What you should do ->
Make an exact copy of all the entries below, with the pictures left out.

Records shown ->

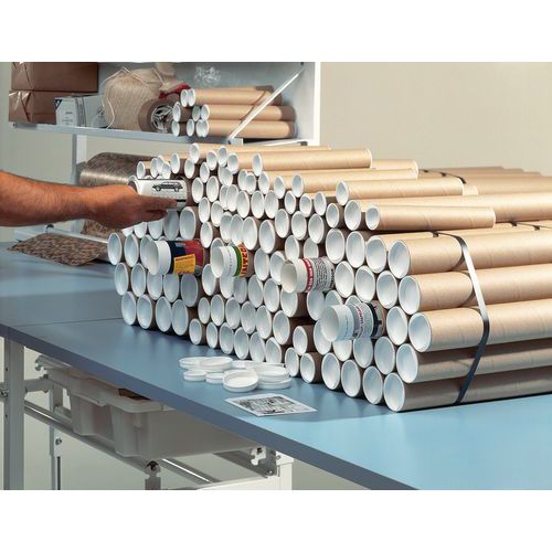 Hurtiglukking via lokk av plast. Åpnes enkelt med en flik. Svært solid papprør. Produsert av 100 % resirkulert kraftpapp.
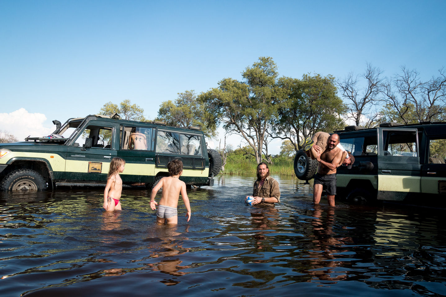Pescare e nuotare con i nostri figli nelle acque limpide del Delta dell’Okavango. Così, semplicemente, come se fossimo al mare in Italia, invece ci trovavamo in uno dei luoghi più remoti e selvaggi della terra.
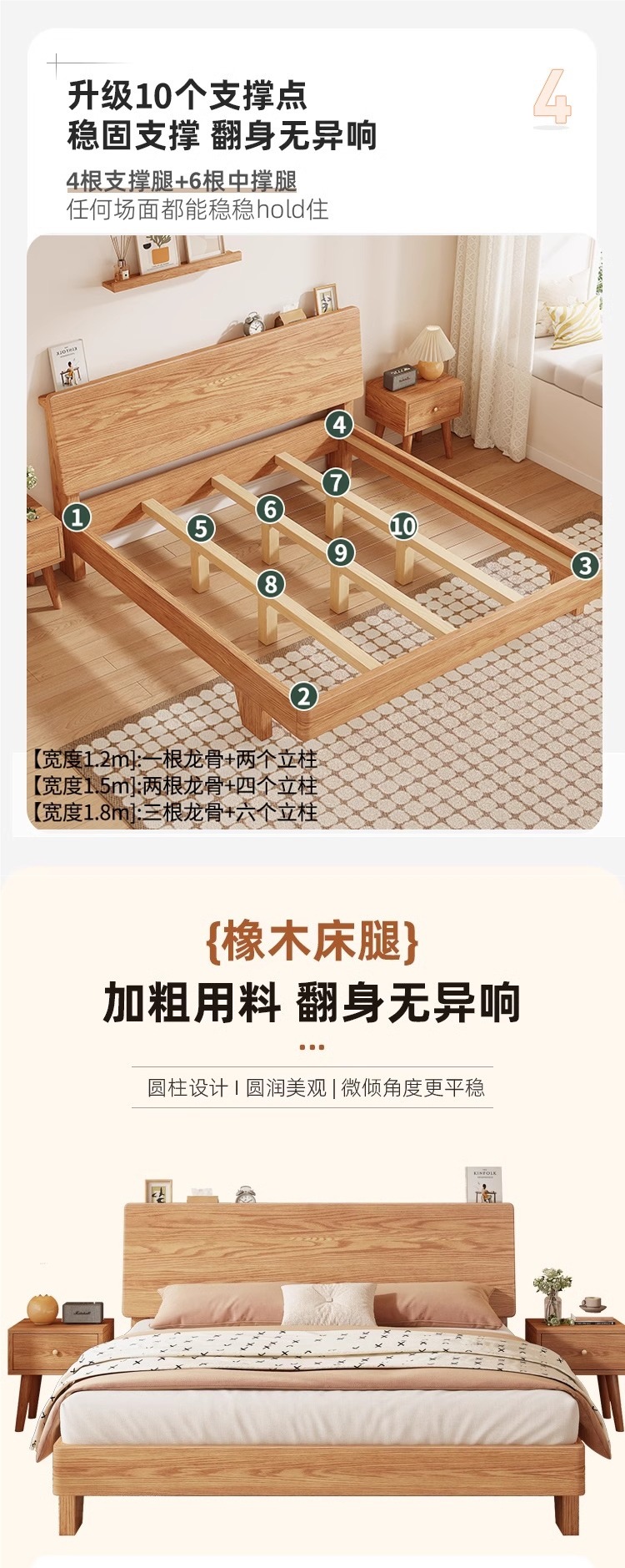 • 오크 침대 + 10cm 라텍스 매트리스 + 침대 옆 탁자*2 [위층 패키지 + 설치]
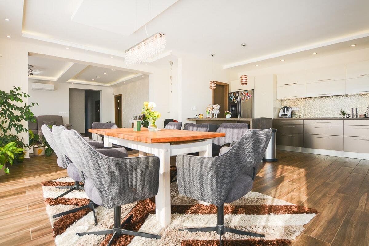 EG: Wohnzimmer 28,32 qm, Essraum + Küche 35,13 qm, Speisekammer 5,91 qm, WC 2,80 qm, Hauswirtschaftsraum 4,64 qm, Dusche + Wc 3,68 qm, Schlafzimmer 12,18 qm, Schlafzimmer 15,12 qm, Diele 8,23 qm, Garderobe 5,15 qm, Badezimmer + Wc 9,01 qm, Vorraum 6,64 qm, Terrasse 27,07 qm, Terrasse 19,11 qm, Hobbyküche 30 qm.
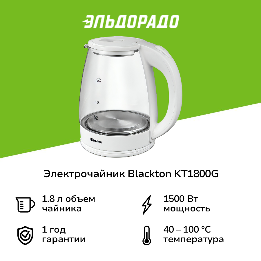 Чайник электрический Blackton Bt KT1800G Белый / Стеклянный / 1.8 л 1500 Вт
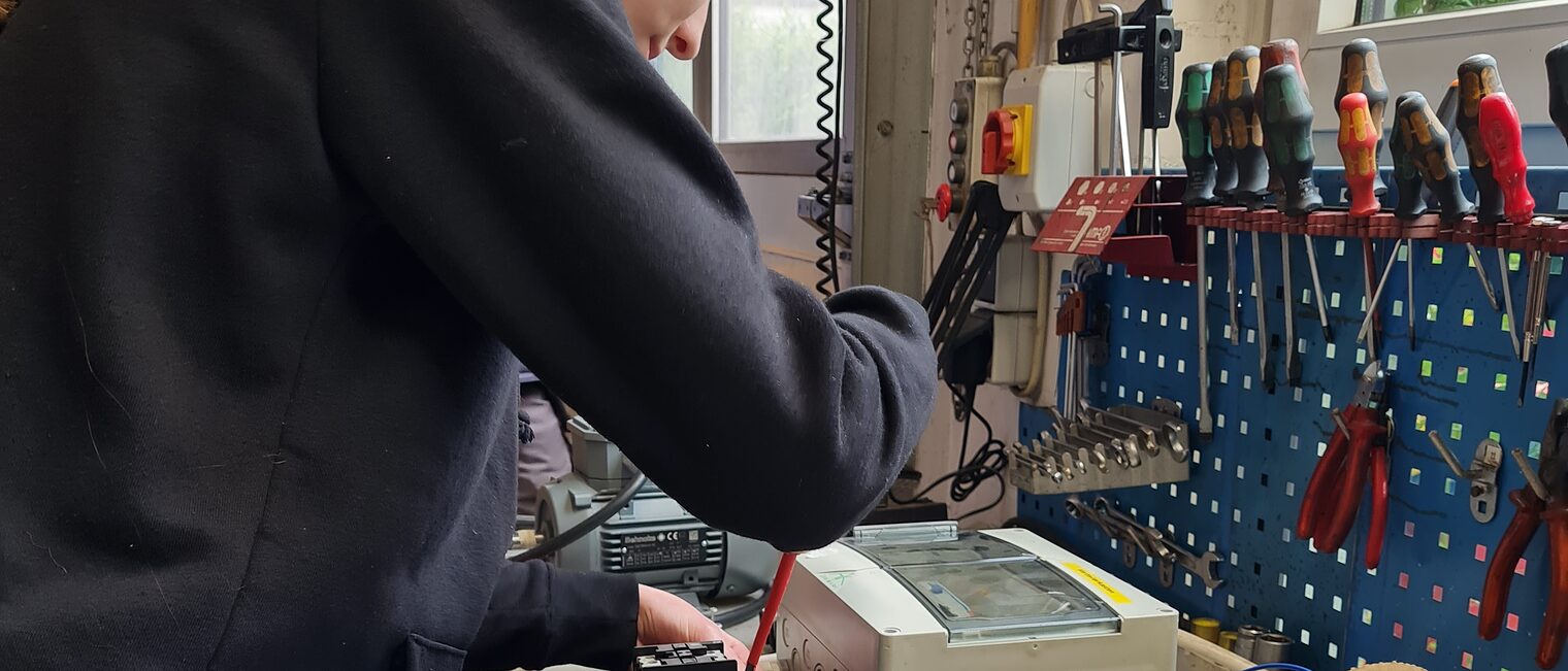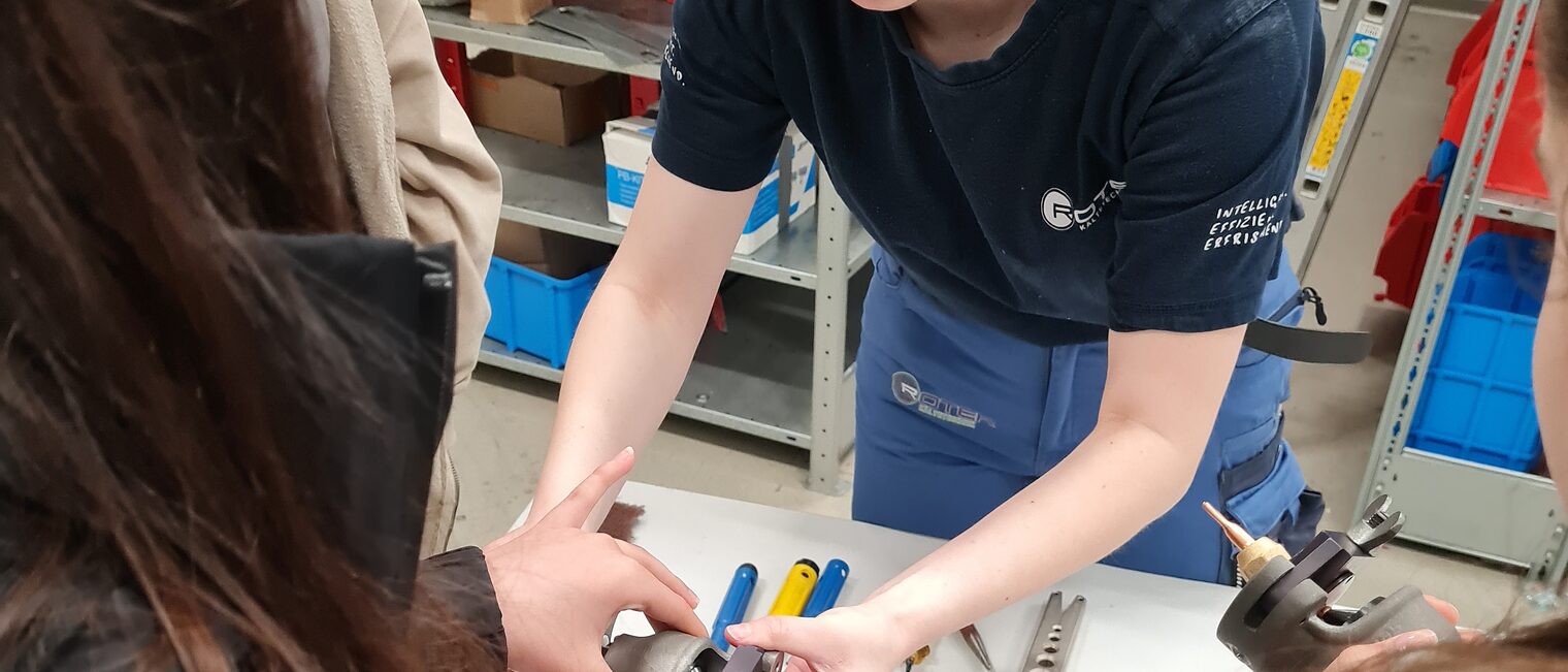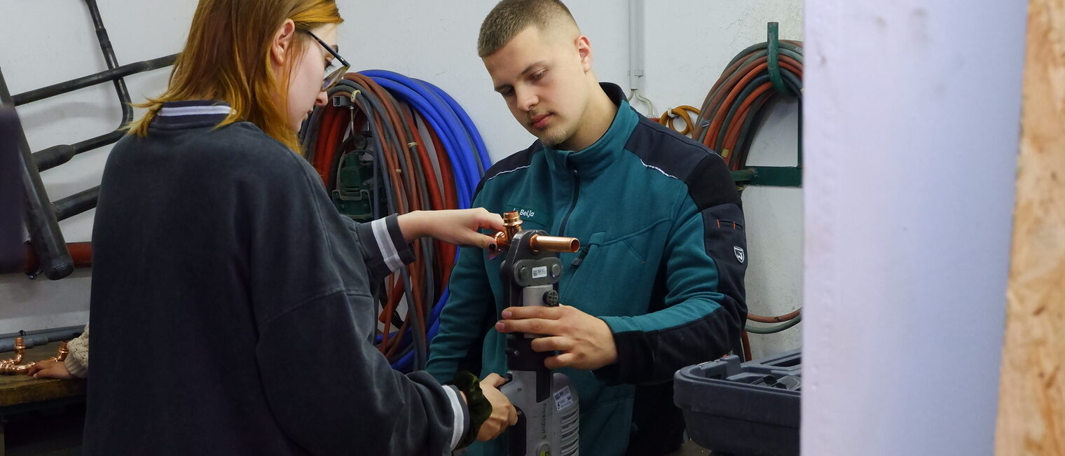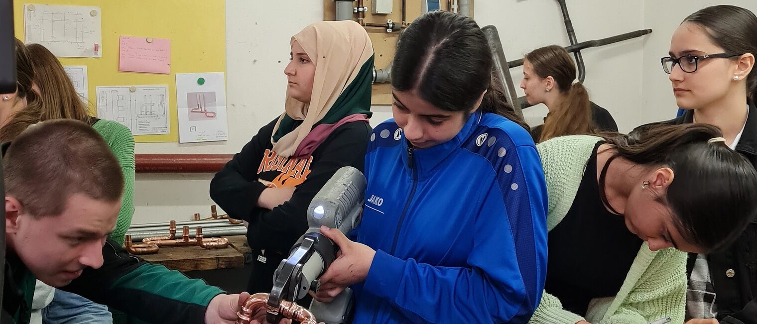 Danach durften die Schülerinnen an kleinen Projekten ihr eigenes handwerkliches Können zeigen und die Ergebnisse anschließend mit nach Hause nehmen. Im Dachdeckerbetrieb Hanebutt formten sie ein Herz aus einer Schieferplatte und stellten im Sanitär- und Heizungsbetrieb Carl Oettinger GmbH einen Kerzenständer aus Wasserrohrstücken her. Dafür kam eine hydraulische Rohrpresszange zum Einsatz. Im Betrieb Roter Kältetechnik freuten sich die „Junghandwerkerinnen“ über einen Schlüsselanhänger aus Kupferrohren und in der Behncke Maschinenbau GmbH durften sich die Schülerinnen an Kabelisolierungen an einer Schaltanlage versuchen.

Problem solution ->
 Hurtiglukking via lokk av plast. Åpnes enkelt med en flik. Svært solid papprør. Produsert av 100 % resirkulert kraftpapp.
Pescare e nuotare con i nostri figli nelle acque limpide del Delta dell’Okavango. Così, semplicemente, come se fossimo al mare in Italia, invece ci trovavamo in uno dei luoghi più remoti e selvaggi della terra.
 • 오크 침대 + 10cm 라텍스 매트리스 + 침대 옆 탁자*2 [위층 패키지 + 설치]
 EG: Wohnzimmer 28,32 qm, Essraum + Küche 35,13 qm, Speisekammer 5,91 qm, WC 2,80 qm, Hauswirtschaftsraum 4,64 qm, Dusche + Wc 3,68 qm, Schlafzimmer 12,18 qm, Schlafzimmer 15,12 qm, Diele 8,23 qm, Garderobe 5,15 qm, Badezimmer + Wc 9,01 qm, Vorraum 6,64 qm, Terrasse 27,07 qm, Terrasse 19,11 qm, Hobbyküche 30 qm.
 Чайник электрический Blackton Bt KT1800G Белый / Стеклянный / 1.8 л 1500 Вт
 Danach durften die Schülerinnen an kleinen Projekten ihr eigenes handwerkliches Können zeigen und die Ergebnisse anschließend mit nach Hause nehmen. Im Dachdeckerbetrieb Hanebutt formten sie ein Herz aus einer Schieferplatte und stellten im Sanitär- und Heizungsbetrieb Carl Oettinger GmbH einen Kerzenständer aus Wasserrohrstücken her. Dafür kam eine hydraulische Rohrpresszange zum Einsatz. Im Betrieb Roter Kältetechnik freuten sich die „Junghandwerkerinnen“ über einen Schlüsselanhänger aus Kupferrohren und in der Behncke Maschinenbau GmbH durften sich die Schülerinnen an Kabelisolierungen an einer Schaltanlage versuchen.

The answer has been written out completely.